Engañamos durante el año, cuando vamos cambiando de rostro, según nos sopla el
alma, según va nuestro soporte, según nos trata la vida.
Cuando
los carnavaleros pasan ante un escaparate o ante un espejo, no se resisten a
mirarse y dicen hacia sus adentros: “Vaya antifaz que me he colocado este año;
¿Es verdad o es mentira?” E inmediatamente pasan de la seriedad. Porque ya lo
decían los romanos: “La verdad es amarga” (Veritas amara este). Muchas de las
máscaras, no obstante, quedan impresas para mucho tiempo en las fotografías.

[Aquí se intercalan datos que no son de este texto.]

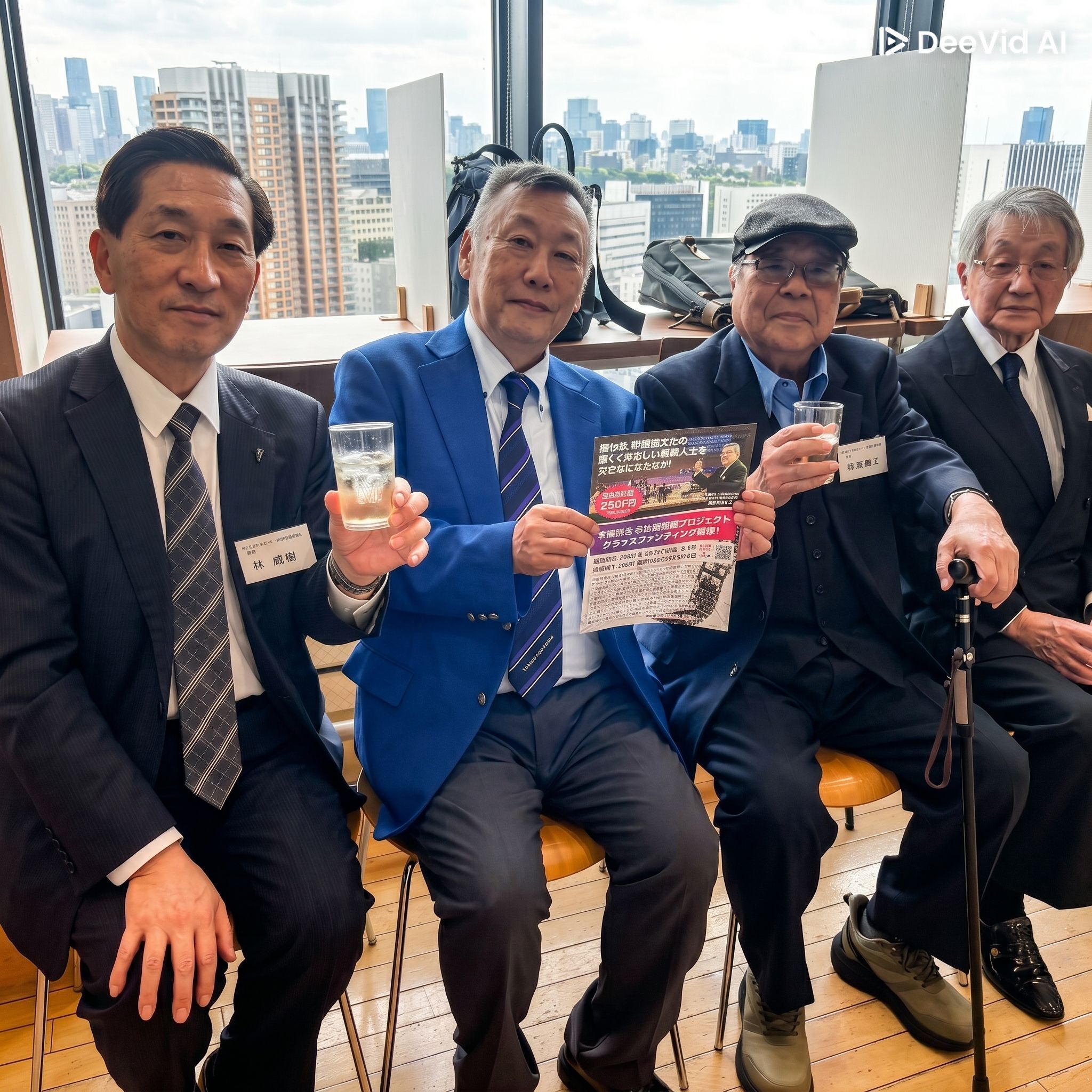 右隣は本日最年長95歳になる根田先輩です。お二人とも歳を感じさせず、いつもダンディですね。一番左端が本プロジェクトのリーダー林先輩です。その右隣が有志のメンバーの松本です。
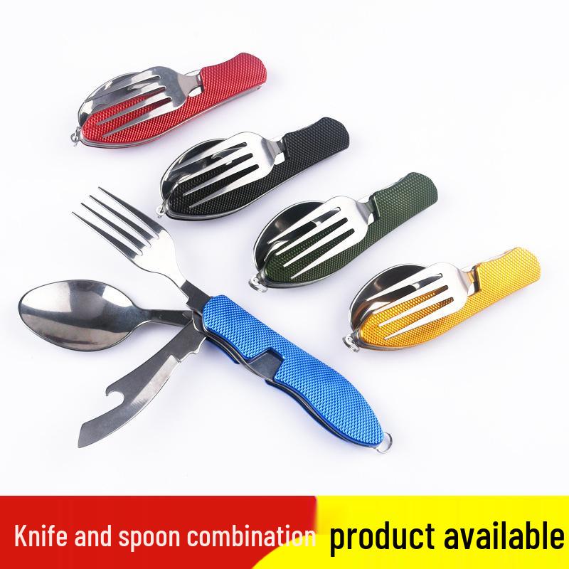 Multifunctional Folding Pocket Knife Set: 3-in-1 Detachable Knife, Fork, & Spoon
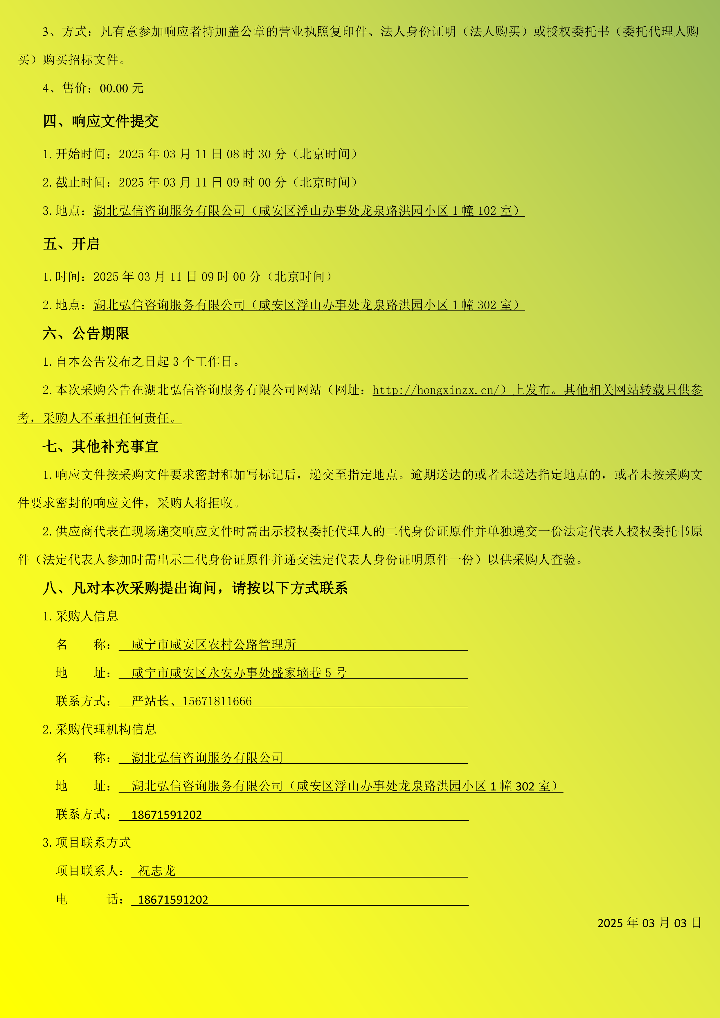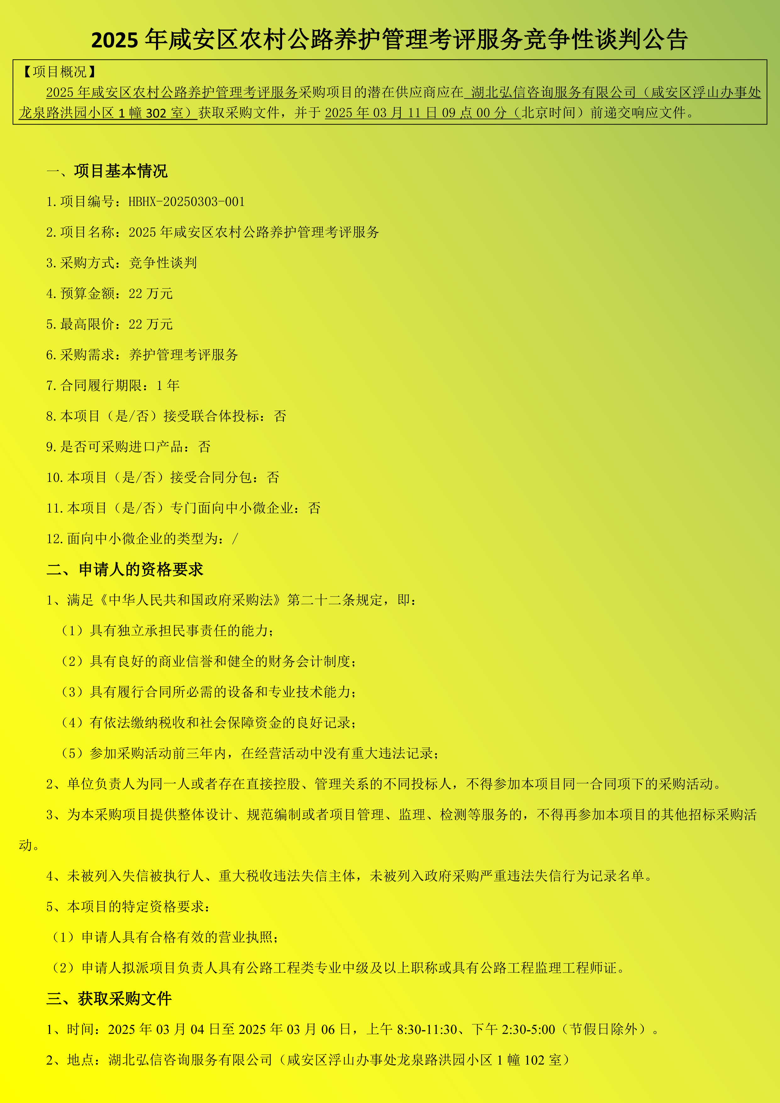 2025年咸安区农村公路养护管理考评服务竞争性谈判公告

Pero ninguna es la reproducción exacta del rostro que va detrás.
El
carnaval nos enseña a buscar en las personas la fisonomía interior, la
sicología escondida, la bondad discreta, la gente buena. Afortunadamente, en el
mundo hay más gente buena que mala. Pero la mala llama más la atención y sale
en los papeles, de forma que detectamos más la maldad que la bondad. Los niños
se hacen amigos inmediatamente porque son buenos; afortunadamente, no han
tenido tiempo de colocarse la máscara de la maldad.
Los
carnavales van llegando a todas las ciudades, a todos los pueblos, a todas las
aldeas. Se diría que nadie quiere renunciar a vivir unos días de libertad, a
prescindir de los atuendos en serie, a romper los horarios marcados, a reírse
de las instituciones establecidas, a no temer a nadie, ni siquiera al ridículo.

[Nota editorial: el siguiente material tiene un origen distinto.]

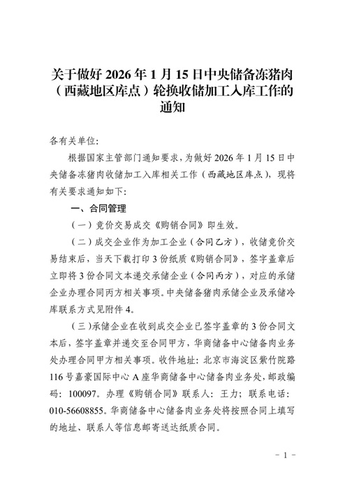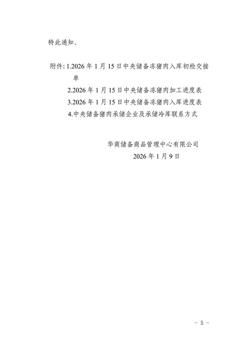 附件2:2026年1月15日中央储备冻猪肉加工进度表
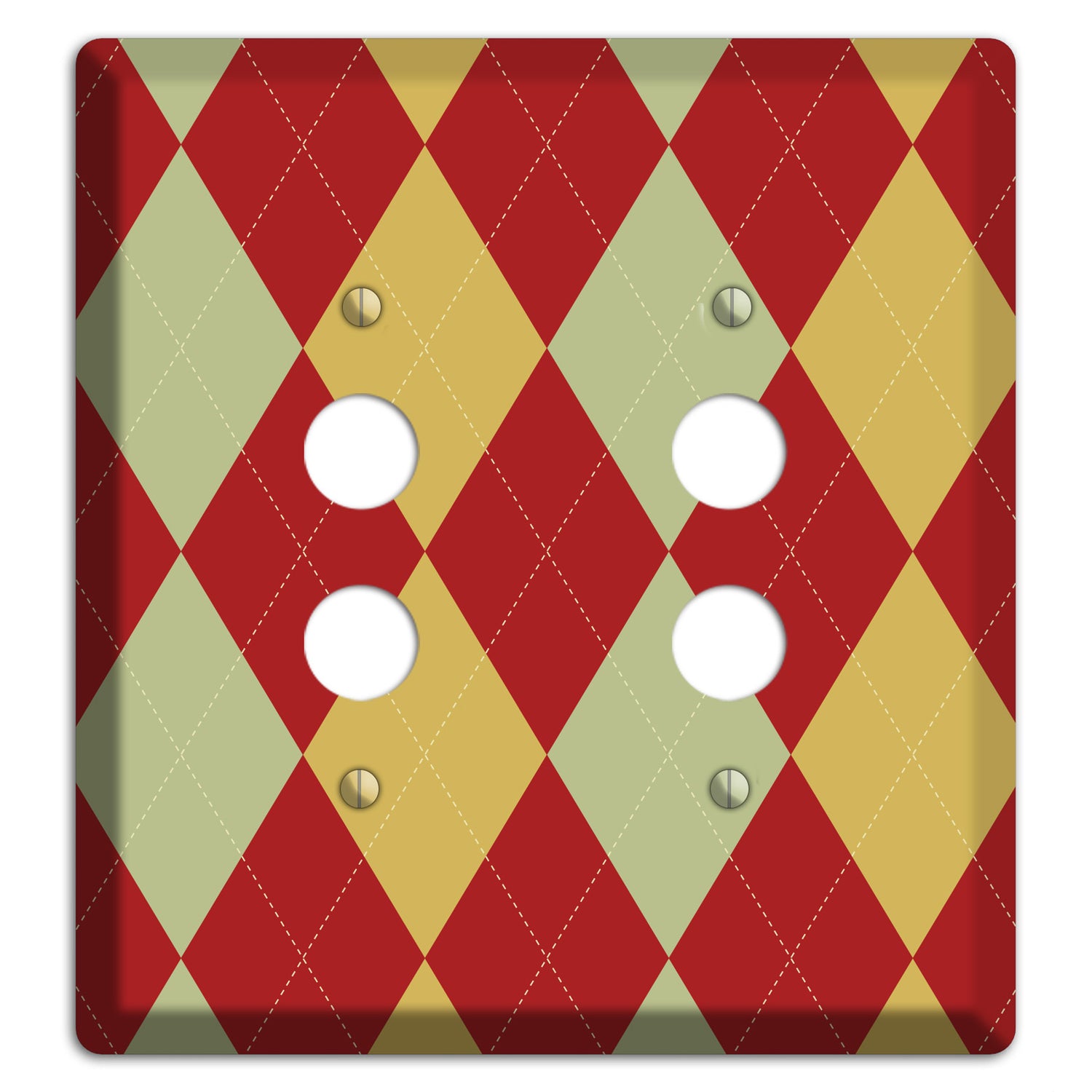 Burnt Orange and Light Green Argyle 2 Pushbutton Wallplate

Los que gozan más de los carnavales son los niños, los adolescentes y los
jóvenes. Los mayores gozamos viendo a los jóvenes gozar.
Alguna
vez en los carnavales hemos visto aflorar la maldad tras las máscaras. No es lo
normal, pero se han dado casos desgraciados. Recuerdo, hace unos años, la
muerte de un joven de El Puerto de Santa María asesinado en los carnavales de Cádiz, allá por la Punta
de San Felipe, tras una discusión banal e inmotivada. Es la excepción miserable
de la que no nos libra ni el carnaval. Pero la madre del joven asesinado tuvo la grandeza de perdonar al asesino de su hijo
y borrar con lágrimas la sangre derramada. Y brilló el verdadero rostro, el de
la nobleza, el del amor y el de la misericordia.